Not long ago we fondly believed that one thing all nations would have in common was access to the same digital technology, that is (mainly) the internet. We were wrong. Ever since Beijing began building its Great Firewall in 1996, its censored version of the web has diverged from the one used by the rest of the world. And as tensions between China and the US escalate, this divergence is now spreading to other tech areas. Beijing is creating more of its own bespoke computer hardware; it is investing huge sums in 5G technology and AI; it is poised to disconnect itself from GPS, the universally used satellite navigation system run by the US air force, and switch to its own BeiDou network.

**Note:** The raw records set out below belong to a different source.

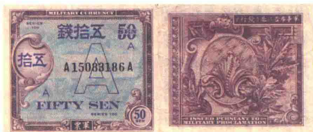
◀ 盟军军事司令部1946年发行的50钱A元正背面。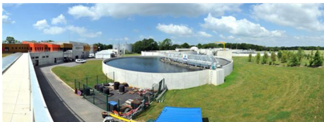
Zoom sur la STEP des Ecossiernes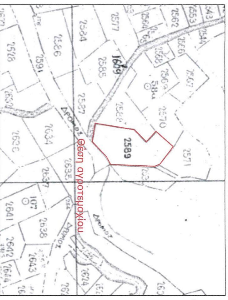
Απόσταση Χώρα - Διεύθυνση Αγροκτήματος Αψάλου Κλ. 1/5000

ΤΟ ΠΑΡΩΝ ΣΥΝΔΕΥΕΙ ΑΝΑΠΟΣΤΑΣΙΑ ΤΗΝ ΜΕ ΑΡΙΘΜΟ 2602/106-03-2015 ΠΡΑΞΗ ΧΑΡΑΚΤΗΡΙΣΜΟΥ ΤΟΥ ΔΑΣΑΡΧΗ ΑΡΜΑΔΙΑΣ Κ.Α.Ο. Κωνσταντίνος Ιωάννης Δασολόγος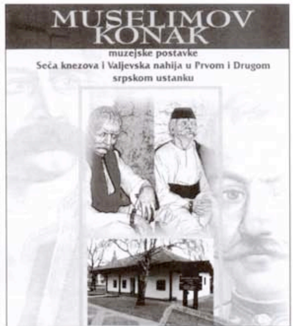
Проспект – Још једна од публикација Музеја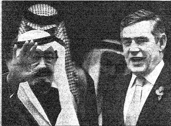
الحرمين الشريفين وعدد من اجضاء الحكومة البريطانية وحضر مراسم التوقيع الوفد الرسمي المرافق لخدام عبد العزيز وليس الوزراء البريطاني جوردن براون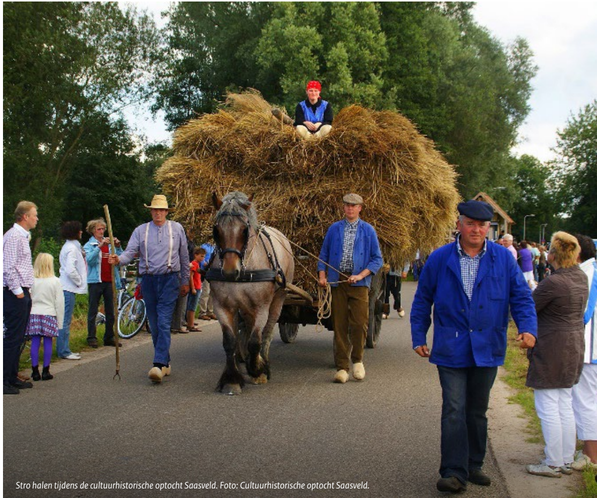
Stro halen tijdens de cultuurhistorische optocht Saasveld. Foto: Cultuurhistorische optocht Saasveld.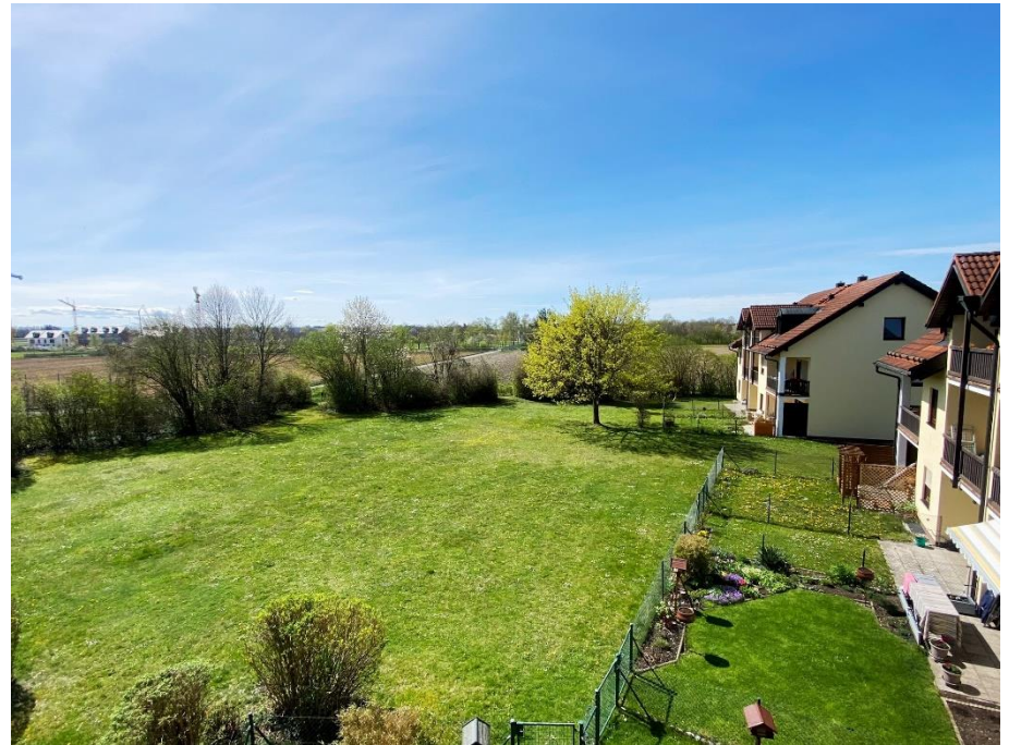
Balkon und Ausblick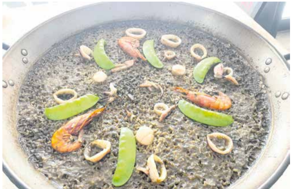
Nueva paella de calamar playa, gamba roja, vieiras, tirabeques y placton 'Enclave de mar'.

Cada evento es personalizado, damos forma a los sueños e ilusiones. Todo el personal presume de estar cualificado, siempre dispuesto a brindar un excelente servicio, atento, personalizado, cuidando cada detalle, garantizando que sea una experiencia perfecta e inolvidable. En su cocina mediterránea destacan sabores bien conjuntados, platos elaborados con ingredientes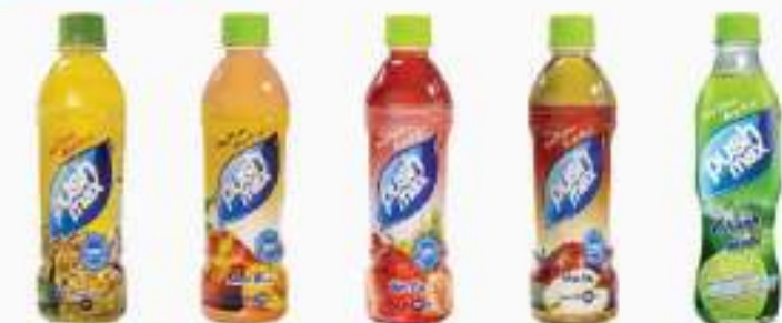
Chanh leo Nước Đào Nước Dâu Nước Táo Chanh muối Passion fruit Peach Strawberry Apple Salted Lemon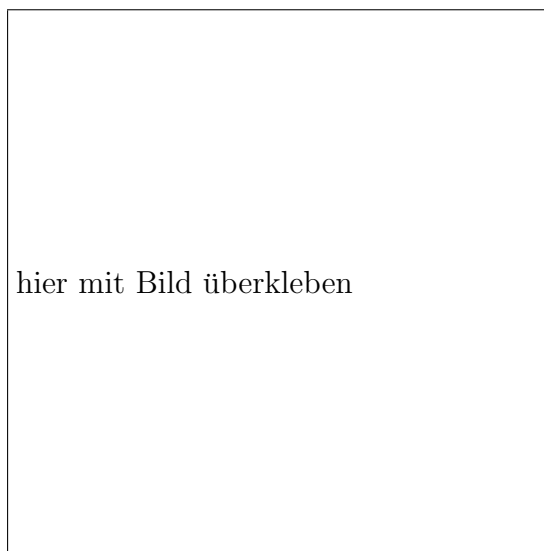
Abbildung 3: Lichtenbergsche Figur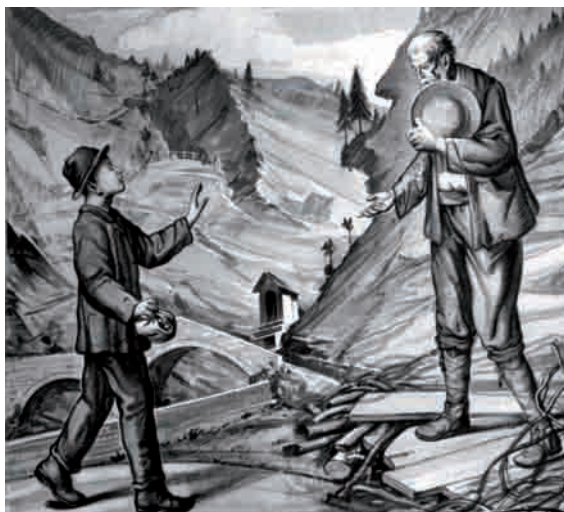
Visione del vecchietto a Campodolcino. Affresco del Conconi. Chiesa S. Rocco di Fraciscio.

A Gualdera sul motto del vento. Affresco del Conconi. Chiesa S. Rocco di Fraciscio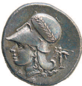
Позднее из подобных изображений рождаются также гербы государств

Считается, что прозвище «Юнона-Монета» появилось после того, как во времена войн Рима с эпирским царем Пирром она предсказала римлянам победу — в случае, если они будут вести войну справедливо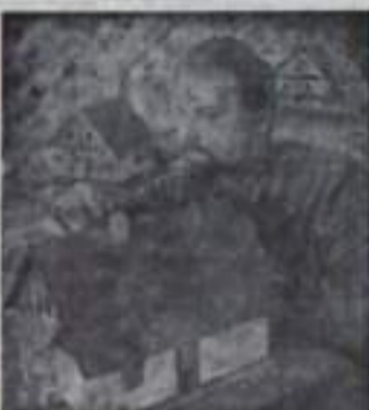
домов С. Лангелле.

На снимке: главный архитектор проекта новой серии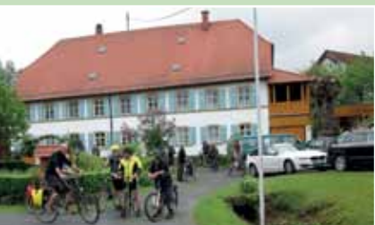
Riesiges Wander- und Radwegenetz, mit einzigartigen Skulpturenwegen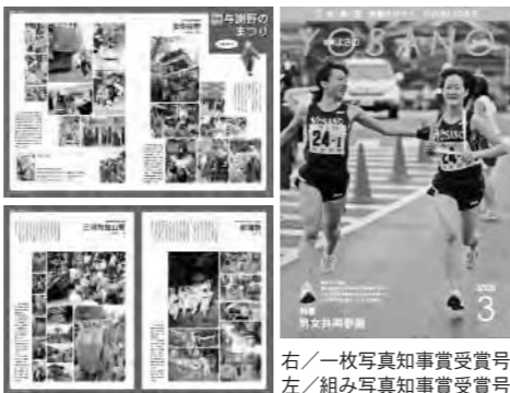
右/一枚写真知事賞受賞号 左/組み写真知事賞受賞号

府内の市町村の行政広報の発展向上を図ることを目的に毎年実施されている「平成二十年度京都広報賞」(京都府広報協議会主催)がこのほど発表され、五部門応募総数五十一の中から、『広報よさの』が一枚写真の部と組み写真の部で知事賞を、また広報紙の部(町村の部)で会長賞を受賞しました。 一枚写真の部で知事賞に選ばれたのは『広報よさの三月号』(No.25)の表紙。市町村対抗駅伝の第一中継所でのタスキリレーを撮影した写真は「選手の声が聞こえてきそう」との評価を受けました。 また、組み写真の部は『広報よさの五月号』(No.28)の「特集 与謝野のまつり」。各地区の祭の魅力に迫り、その熱気や興奮が伝わるように組んだ写真は、「すべてが生き生きと見える」との評価を受けました。 取材にご協力いただいた皆さん、そして読んでいただく皆さんに心から感謝します。今後も、皆さんに親しんでもらえるよう、与謝野町の今を伝え、がんばる人を応援する広報誌を制作していきます。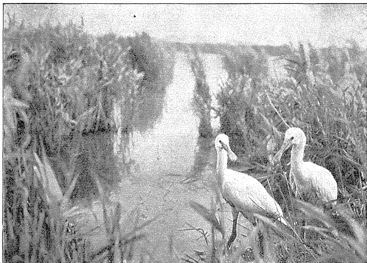
To omtrent fire Uger gamle Unger af Skejere, Platalea leucorodia . Fot. af A. Heilmann den 17. Juli 1928.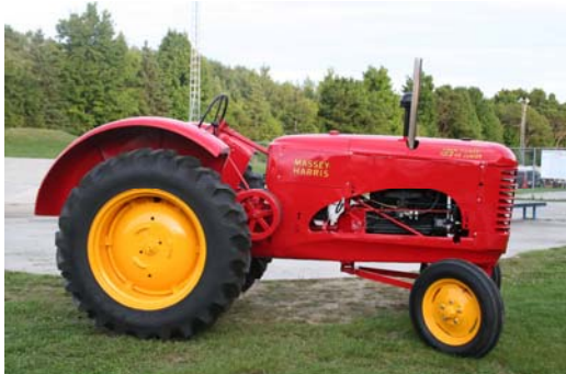
Figure 4. Expo 08 Compton. Massey Harris 102 de Yvon Cloutier.

Et il y avait bien d'autres engins qui tournaient.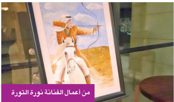
من أعمال الفنانة نورة التورة

الأعمال تبرز بشكل واضح عالم الفروسية العربية والتراث، حيث تصدر الحصان المشهد بوصفه رمزاً للقوة والأصالة والهوية. باستخدام درجسات هادئة ومدروسة من الألوان بالتفاصيل، تظهر في ملامح الحصان وتعايير العين.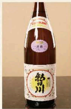
朝日川 (山形) 二合 880円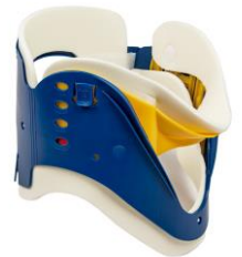
3- Cuello Cervical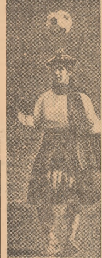
Gerd Müller (Bayern München) a fost în ultimele jocuri eroul reprezentativei R. F. a Germaniei, marcînd golurile decisive în partidele cu Scoția și Austria. Iată-l într-un echipament original, neobișnuit: un costum național scoțian, primit cadou la Glasgow.

În turneul de tenis din Berlin occidental: Ray Moore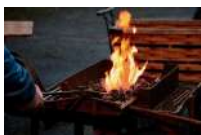
@Marche nocturne & Barbecue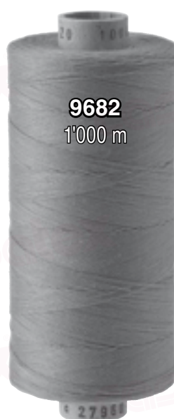
9682 1'000 m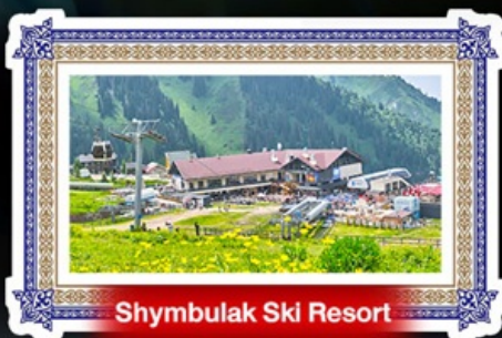
Shymbulak Ski Resort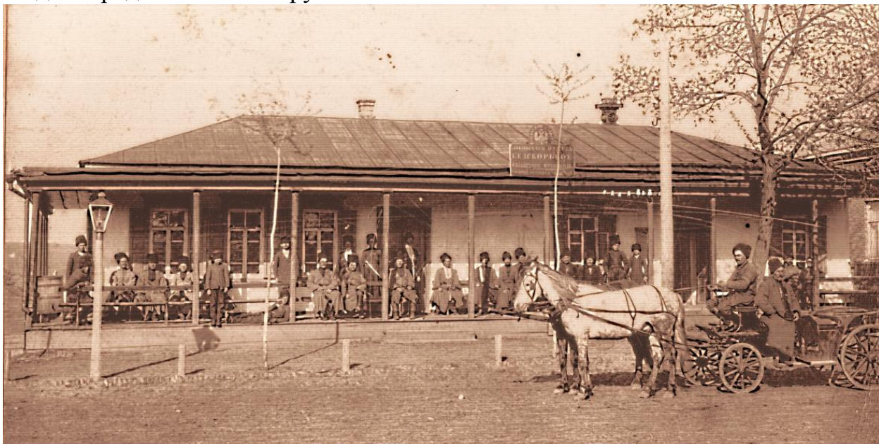
Правление ст. Бесскорбной. Примерно 1910 год. Здание сохранилось.

Last year, Beijing ordered all government offices to remove foreign computer equipment and software within three years. Meanwhile, the US has blacklisted Huawei and other Chinese firms, leading Huawei – which can no longer license Google’s Android operating system – to start developing its own system, Harmony OS. The US and China seem to be priming the world for “a digital cold war”. Welcome to “the splinternet”.   (The Week, 27 June 2020, and Margi Murphy and Matthew Field in The Daily Telegraph).

 My comment:  Anyone who knows any history could have warned politicians and big companies that China has for many years had a ( justified?) chip on its shoulder about being pushed around by, and a desire to get even with, the West (and Japan) for perceived humiliations of the past. Now  China is becoming Major Power No. 1, with massive help from Western capitalist corporations, and is exerting huge economic influence in a ruthless fashion, based by large-scale theft of Western know-how and the incarceration of all who, even modestly, disagree with the Party, including the poor Uighers, who have done nobody any harm.

One used to be assured that a constitutional and democratic United States would defend Western values.  Now that this can no longer be taken for granted and the US is becoming more like an average African country, with an autocrat-admirer in charge, the peace of mind I personally used to have in the political future has massively diminished.  As China displaces the US, none of us can rest easy.